It should be noted that although the steps of the methods of the present disclosure are illustrated in a particular order in the figures, this does not require or imply that the steps must be performed in that particular order or that all of the illustrated steps must be performed in order to achieve desirable results. Additionally or alternatively, certain steps may be omitted, multiple steps combined into one step to perform, and/or one step decomposed into multiple steps to perform, etc.
Further, in the present exemplary embodiment, there is also provided a search data identification apparatus. Referring to fig. 2, the search data identification apparatus 200 may include: feature analysis module 210, word segmentation processing module 220, candidate word ordering module 230, and result recall module 240. Wherein:
A feature analysis module 210, configured to, in response to an input data search request, analyze whether a search term in the data search request includes first feature information that satisfies a preset feature condition;
The word segmentation processing module 220 is configured to perform word segmentation processing on the first feature information according to a preset word segmentation policy, and obtain a plurality of groups of rewritten candidate words corresponding to the first feature information;
The candidate word ordering module 230 is configured to order the plurality of sets of rewritten candidate words according to a preset ordering algorithm, so as to obtain an ordered candidate search set;
The result recall module 240 is configured to obtain first recall result data according to the candidate search set.
The specific details of each search data identification apparatus module in the foregoing have been described in detail in the corresponding search data identification method, and thus will not be described herein.
It should be noted that although several modules or units of the search data identification apparatus 200 are mentioned in the above detailed description, such division is not mandatory. Indeed, the features and functionality of two or more modules or units described above may be embodied in one module or unit in accordance with embodiments of the present disclosure. Conversely, the features and functions of one module or unit described above may be further divided into a plurality of modules or units to be embodied.
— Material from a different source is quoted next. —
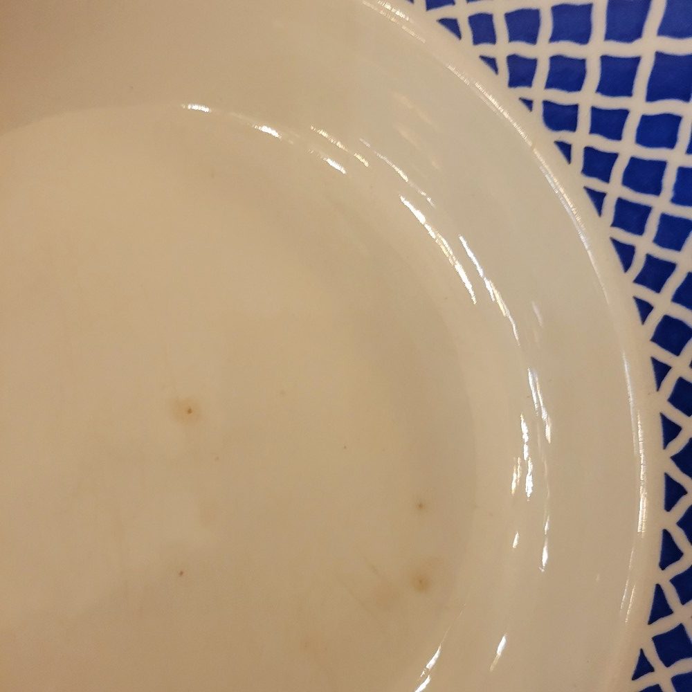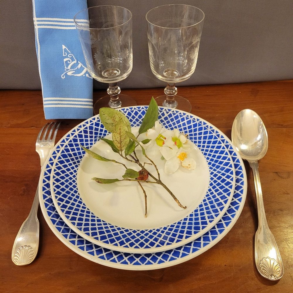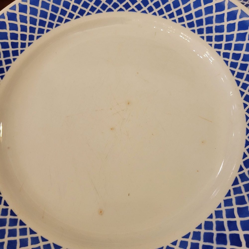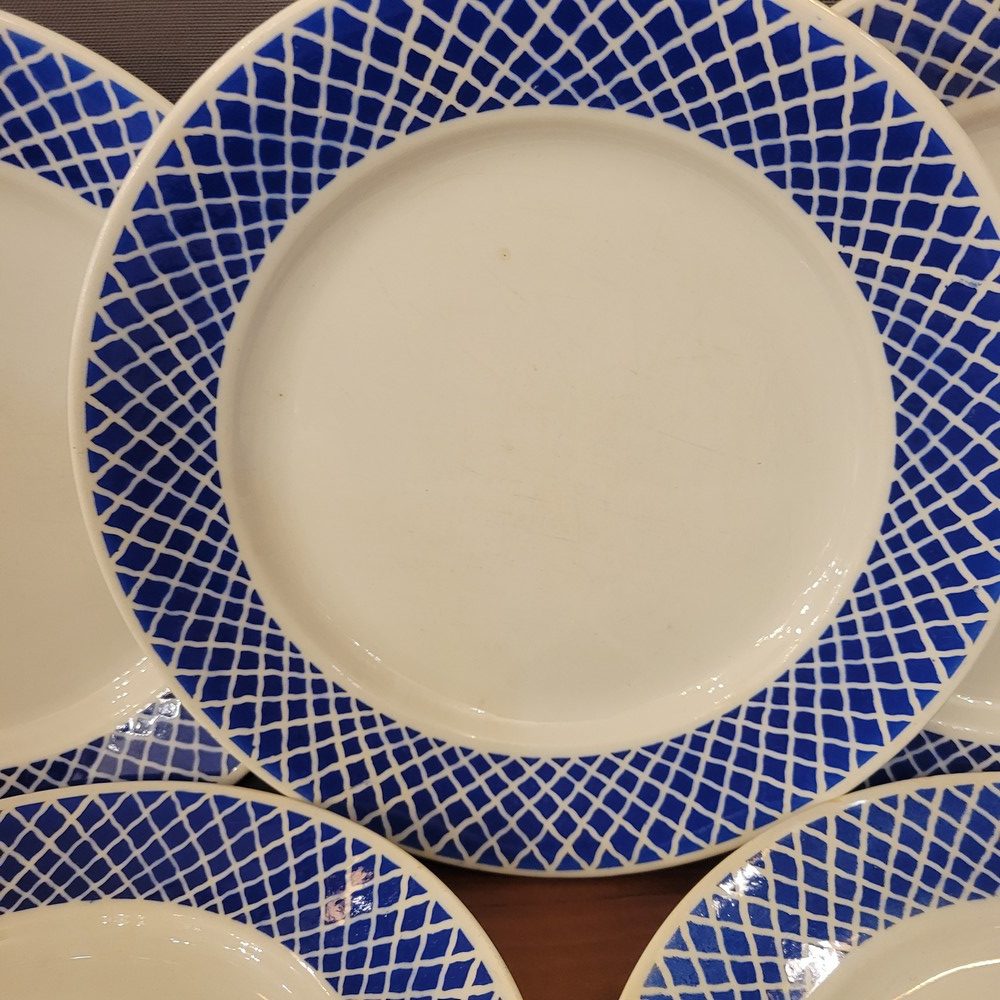 Partie de service en porcelaine opaque de Badonviller. Décor géométrique d’un joli bleu. Composé de 7 assiettes à dessert, 7 assiettes plates, 7 assiettes creuses et 1 ravier. Les assiettes à dessert sont en bon état, le reste de la vaisselle présente des marques d’usage. (petites tâches ou rayures)

In addition, in an exemplary embodiment of the present disclosure, an electronic device capable of implementing the above method is also provided.
Those skilled in the art will appreciate that the various aspects of the invention may be implemented as a system, method, or program product. Accordingly, aspects of the invention may be embodied in the following forms, namely: an entirely hardware embodiment, an entirely software embodiment (including firmware, micro-code, etc.) or an embodiment combining hardware and software aspects may be referred to herein as a "circuit," module "or" system.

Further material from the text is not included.